Sunday, November 4, 2012

Thanksvember 4 - Tears

I know it may sound a bit funny, but today I am thankful for tears. Those of you who know me well know that I don't cry. At all. Growing up tears were a sign of weakness and I did not want to be seen as weak. So I learned to suck it up and turn the tears off. But much more recently I have discovered the healing and joy that can be found in tears.

Yesterday, I was caught completely off guard by a surprise birthday party with friends and Tj's family (my fam lives pretty far away). But the real shock was that my dad walked out of the crowd! I was so surprised that I burst into tears ... in front of everyone. But these tears were not a sign of weakness, but rather of my love for my dad and his sacrifice to drive 8 hours to be at my birthday party. Of course I made my father feel horrible that he made me cry, but the tears were worth it.

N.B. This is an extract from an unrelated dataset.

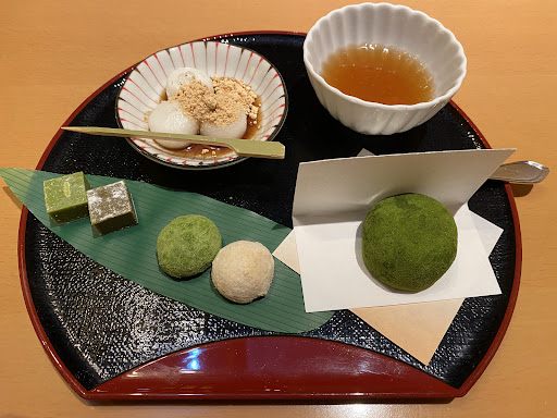 ・おすすめセット(715円) 菓子の盛り合わせ。 団子(黒糖きなこ)、ほうじ茶ゼリー、生チョコ、もりのみ、霧の森大福。 霧の森大福は、無農薬栽培の新宮茶「かぶせ抹茶」を餅に練り込み、外側にもたっぷりまぶした和スイーツ。中にはこし餡と生クリームが入っており、香り豊かなほろ苦の茶の風味と甘みが好相性。

This morning I had another surprise that culminated in tears. One of my bestest friends, Hannah Arrow, called me to say that she and her husband Edward are having a baby. The joy and love I felt for them in that moment could not have been contained, and again, I burst into tears. Years of praying and long conversations and sorrow, were suddenly replaced with joy ... and tears. I dare say, there was healing in these tears.

I am reminded that Jesus wept too. And I am sure that he shed many tears out of joy as well. And if my life is supposed to be a reflection of him, then I guess tears are a necessary part of that image, and today I am thankful for them.


My awesome surprise giraffe cupcake cake!

Oh, the joy of surprises.

Hannah and I goofing off (as usual) at the Cliff's. The only thing I miss from then is her!